Military charges Marine accused of bringing modified weapons to Offutt Air Force Base

Preliminary military charges have been filed against a Marine from Nebraska who was arrested May 31 for attempting to carry modified weapons and ammunition onto Offutt Air Force Base in his personal pickup truck.
Pfc. Ali Al-Kazahg, 22, of Milford has been charged by the leadership of the 3rd Marine Logistics Group. He is based at Marine Corps Base Hawaii, near Honolulu.
Al-Kazahg faces numerous charges: carrying a concealed weapon, possession of modified firearms, unlawful firearms modifications, communicating threats, making a false official statement, unauthorized absence from duty, violation of a lawful general regulation and dereliction of duty.
He is in custody at Naval Brig Pearl Harbor, said Capt. Eric Abrams, a Marine Corps spokesman. No court-martial date has been set.
Al-Kazahg, a U.S. citizen who is the son of Iraqi refugees, was stopped at Offutt’s StratCom Gate at 6:39 p.m. after guards spotted his name on a law enforcement watchlist of people considered to be capable of doing harm. Offutt security forces summoned agents from the Air Force’s Office of Special Investigation, who detained him for questioning.
A search of his vehicle showed that he was carrying two semi-automatic rifles, a pistol, a silencer, a bump stock, a vest with body armor and a case of ammunition. He didn’t threaten Offutt personnel. His motive for bringing the weapons onto the base hasn’t been revealed.
For nearly all personnel, it is illegal to carry weapons on a military base.
The type of weapons found in Al-Kazahg’s vehicle raised fears that he might have been planning a mass shooting. But the charges preferred against him by the Marine Corps do not include any that appear linked to terrorism.
The Marine’s sister, Nedhal Al-Kazahy, 20, of Lincoln, didn’t know about the charges until she was contacted by a reporter Tuesday. She said she believes they are without merit.
“All these charges just sound really stupid,” she said. “It’s a waste of time. My brother is not a dangerous person.”
Al-Kazahg came home to Nebraska on leave May 23. The following day, the Nebraska Information and Analysis Center in Lincoln, a coalition of federal, state and local agencies tasked with monitoring security threats, issued a “be-on-the-lookout” notice for him.
The notice, obtained by The World-Herald, said he told another Marine that he would “shoot up” his battalion, starting at the barracks, if he were disciplined for certain misconduct. According to the bulletin, he also mentioned specific Marines he wanted to target.
It noted that he didn’t make any threats against anyone in Nebraska.
The bulletin cited “suspicious statements” and “suspicious activity” by Al-Kazahg while serving in the Marines.
It also said the Lincoln Police Department had issued a caution about him in 2016 alleging that he was “dangerous, has an infatuation with guns and violent acts, and has a dislike for law enforcement.”
Al-Kazahg worked as a corrections officer for the Nebraska Department of Correctional Services for about six weeks from May to July 2016, said Laura Strimple, a spokeswoman for the department.
It’s not clear why he left after such a short time. Al-Kazahy said he quit to fulfill a dream of joining the Marines, but he didn’t enlist until Sept. 11, 2017, according to Marine Corps records. He was a landing support specialist assigned to the 3rd Marine Logistics Group in Hawaii.
A Lincoln police spokeswoman declined to discuss the reason for the caution, citing the confidential nature of the bulletin.

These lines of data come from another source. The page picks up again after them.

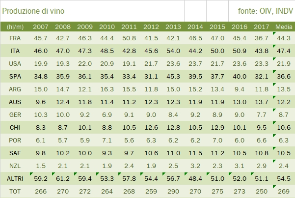- È andata meglio per l’Italia, che secondo ISTAT ha prodotto 43.8 milioni di ettolitri di vino (dato questo molto discusso per la sua possibile sovrastima del volume), -14%, e ha segnato un progresso del 2.6% dei prezzi, giungendo dunque a 12.1 miliardi di euro di valore della produzione, -12% ma il 12% sopra la media storica.
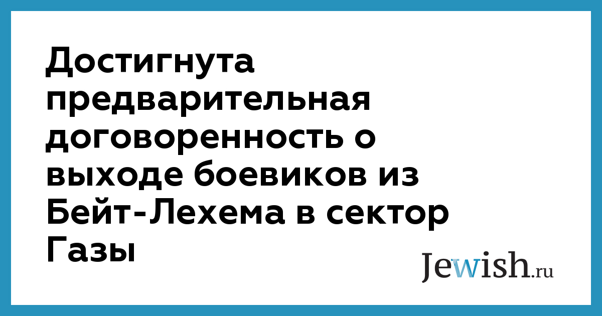 Достигнута предварительная договоренность о выходе боевиков из Бейт-Лехема в сектор Газы
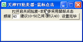 天神YY搶麥器是一款YY輔助工具,幫助你一鍵搶麥。支持所有YY版本。軟件采用的是鼠標連點功能!上麥成功率高于80% ,默認的按鍵頻率為40MS!最低可設(shè)置為10MS!熱鍵為F2!搶麥時將鼠標放到搶麥的按鈕上然后按下F2!即會自動點擊搶麥按鈕!直到再次按下F2后方會停止 。
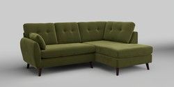 6.12.1 Buy Wilson Buttoned Back Medium Corner Chaise - Right Hand Plush Velvet Easy Clean Mid Olive Green Retro Tapered - Dark Brown from the Laura Ashley online shop Click here to use our website with more accessibility support, for example screen readers
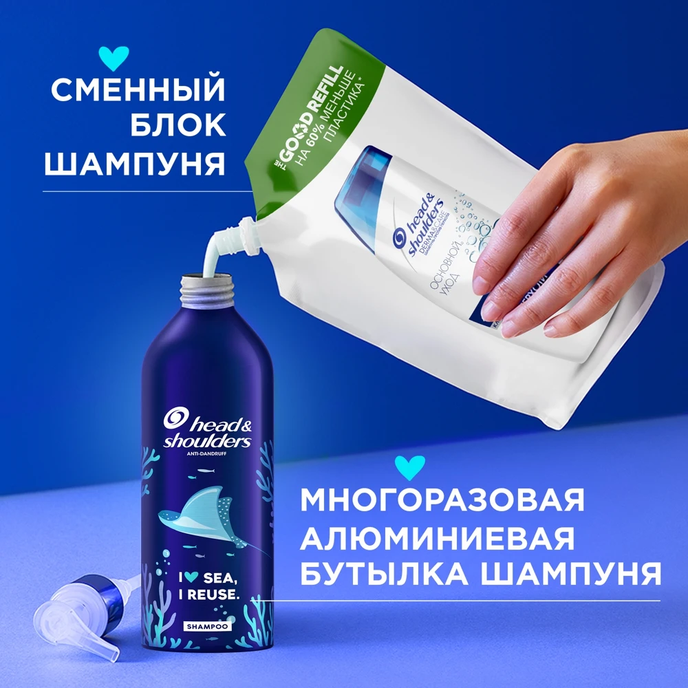 Инновация в уходе за волосами! Теперь шампунь против перхоти Head & Shoulders (Хед энд Шолдерс) Основной Уход производится в стильной алюминиевой бутылке, предназначенной для многоразового использования. Он эффективно очищает и увлажняет кожу головы и волосы, придавая им ощущение свежести. Шампунь содержит активные действующие вещества — пиритион цинка и карбонат цинка — благодаря которым он обеспечивает до 100% свободы от перхоти*. Доказано клинически. 100% перерабатываемая многоразовая алюминиевая упаковка не содержит пластик (за исключением дозатора) и легко пополняется с помощью сменного блока (продается отдельно), когда шампунь закончится. Перейдя на использование многоразовой алюминиевой бутылки и сменного блока, вы поможете уменьшить количество пластиковых отходов на планете. На 100% красивые волосы, на 60% меньше пластика (за мл, по сравнению со стандартной упаковкой бренда). *Видимой перхоти при регулярном применении.

Al-Kazahy said she and her brother — whose name is spelled differently because of a clerical error on his birth certificate — were two of seven children born to Iraqi refugees. Their parents came to the U.S. in the 1990s from Saudi Arabia following the Persian Gulf War. Ali was born in the United States.

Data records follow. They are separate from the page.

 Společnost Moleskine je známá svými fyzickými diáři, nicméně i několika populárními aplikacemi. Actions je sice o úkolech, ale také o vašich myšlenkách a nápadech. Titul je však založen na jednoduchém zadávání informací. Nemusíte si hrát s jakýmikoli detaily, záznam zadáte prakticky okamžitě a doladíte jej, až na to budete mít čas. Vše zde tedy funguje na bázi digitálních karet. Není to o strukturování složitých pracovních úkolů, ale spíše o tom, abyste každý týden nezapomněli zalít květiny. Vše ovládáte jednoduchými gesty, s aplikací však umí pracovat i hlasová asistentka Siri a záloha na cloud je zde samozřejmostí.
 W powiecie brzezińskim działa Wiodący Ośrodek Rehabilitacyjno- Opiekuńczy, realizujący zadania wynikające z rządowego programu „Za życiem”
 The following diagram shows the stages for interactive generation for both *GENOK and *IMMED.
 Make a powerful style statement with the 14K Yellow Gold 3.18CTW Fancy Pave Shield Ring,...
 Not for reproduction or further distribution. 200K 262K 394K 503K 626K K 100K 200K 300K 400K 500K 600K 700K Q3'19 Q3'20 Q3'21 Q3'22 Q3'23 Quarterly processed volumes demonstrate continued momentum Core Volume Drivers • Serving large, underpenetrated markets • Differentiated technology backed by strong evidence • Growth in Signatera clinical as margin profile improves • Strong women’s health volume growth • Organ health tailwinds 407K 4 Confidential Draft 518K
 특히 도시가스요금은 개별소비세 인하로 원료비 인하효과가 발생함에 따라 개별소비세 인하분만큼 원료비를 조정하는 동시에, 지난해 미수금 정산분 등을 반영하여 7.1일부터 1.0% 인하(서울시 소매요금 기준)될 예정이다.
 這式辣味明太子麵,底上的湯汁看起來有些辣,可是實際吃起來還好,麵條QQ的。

She said their mother is deaf and their father died four years ago from kidney disease. The children, including Ali, grew up mostly in foster care, but they saw each other frequently and remained close. The oldest brother, Naif, 19, was shot to death on a street in Lincoln in July 2012 after being threatened by another young person.
“We all had a hard time with our childhood,” said Al-Kazahy, who worked as a page in the Nebraska Legislature and is a camp counselor to children in foster care.
The family is Muslim, Al-Kazahy said, but her brother Ali converted to Christianity while living with a Christian foster family.
She said her brother was interested in guns, but no more than other Nebraska boys. She described him as an extrovert who played football in high school and studied criminal justice at Southeast Community College.
Al-Kazahy said he was staying with his former foster parents in Milford while home on leave in May. She said he planned to work out at Offutt’s gym the evening he was arrested. She added that he had posted a photo of himself there on the social media platform Snapchat a few days earlier.
Al-Kazahy said she has received one letter and had one brief phone conversation with her brother since his detention in Hawaii.
“He’s doing the best you can when you’re in a military jail,” she said. “He’s upset that the military is doing this to him.”